** Opening Data block **

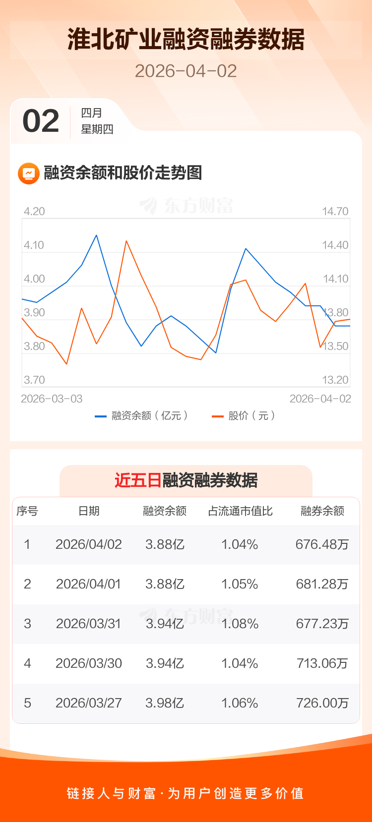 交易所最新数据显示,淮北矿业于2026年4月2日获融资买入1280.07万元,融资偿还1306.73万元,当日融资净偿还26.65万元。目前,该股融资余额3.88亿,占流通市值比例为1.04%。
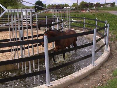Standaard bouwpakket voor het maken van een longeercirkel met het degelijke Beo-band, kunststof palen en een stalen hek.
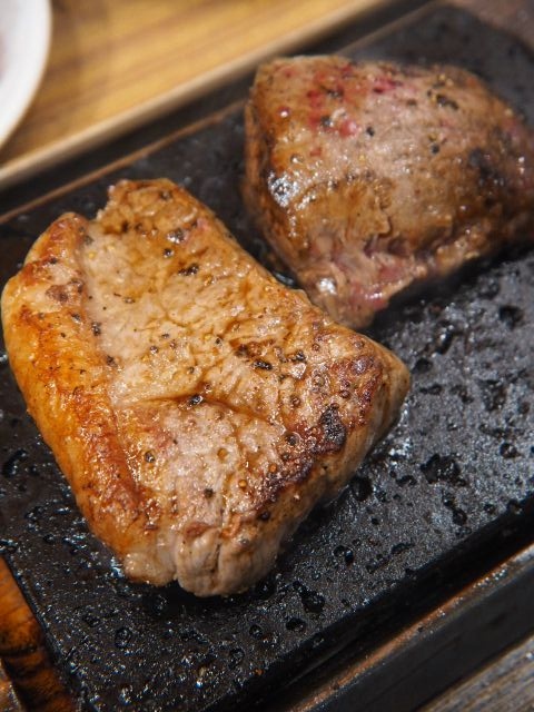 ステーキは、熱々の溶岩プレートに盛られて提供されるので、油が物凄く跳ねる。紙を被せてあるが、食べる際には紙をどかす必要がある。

** Closing Data block **
** Opening Data block **

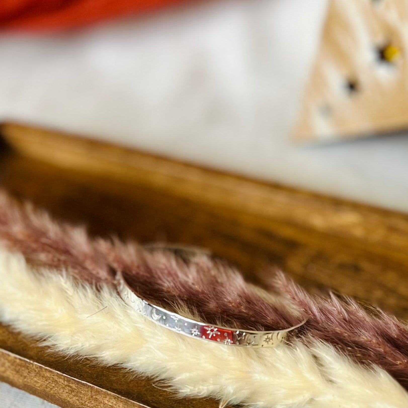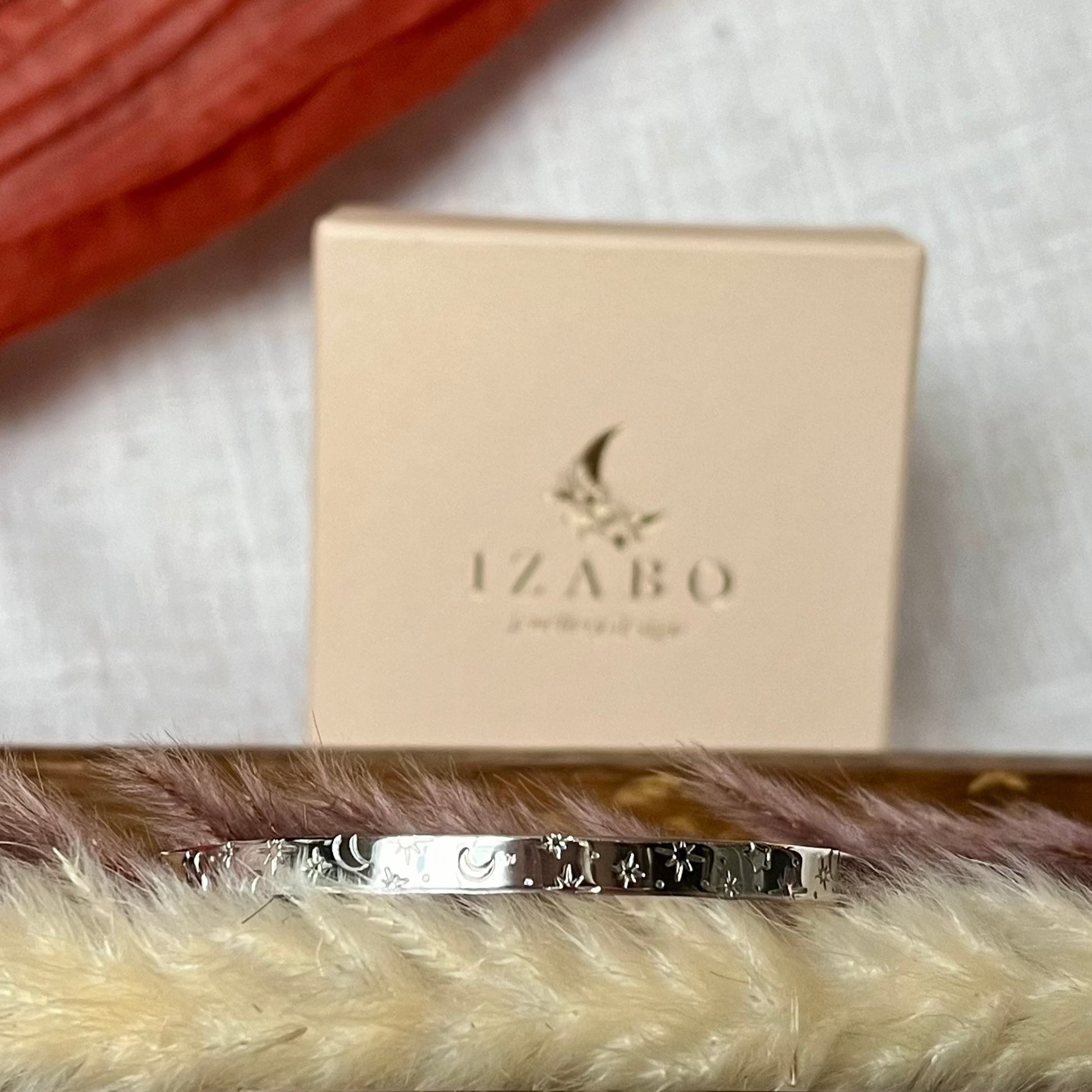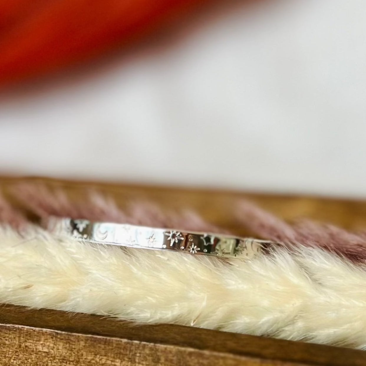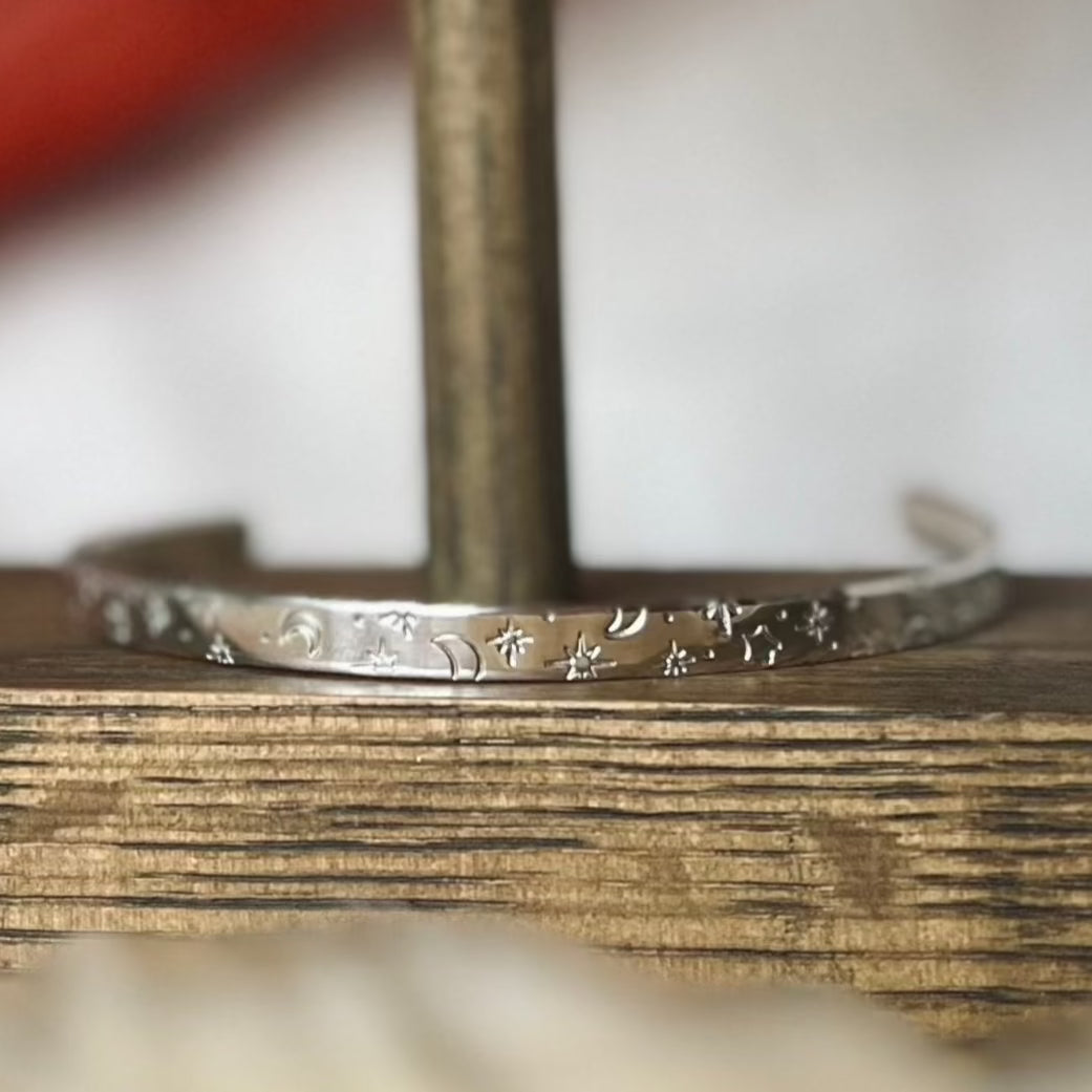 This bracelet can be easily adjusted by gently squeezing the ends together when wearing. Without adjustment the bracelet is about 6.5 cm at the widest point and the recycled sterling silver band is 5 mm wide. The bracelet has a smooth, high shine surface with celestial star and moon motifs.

** Closing Data block **

> **Required action**
Above, find the line holding "交易所最新数据显示,淮北矿业" and the line holding "ステーキは、熱々の溶岩プレー". Print exactly those two lines and every line between them, but no pictures.

> **Answer space**
 交易所最新数据显示,淮北矿业于2026年4月2日获融资买入1280.07万元,融资偿还1306.73万元,当日融资净偿还26.65万元。目前,该股融资余额3.88亿,占流通市值比例为1.04%。
Standaard bouwpakket voor het maken van een longeercirkel met het degelijke Beo-band, kunststof palen en een stalen hek.
 ステーキは、熱々の溶岩プレートに盛られて提供されるので、油が物凄く跳ねる。紙を被せてあるが、食べる際には紙をどかす必要がある。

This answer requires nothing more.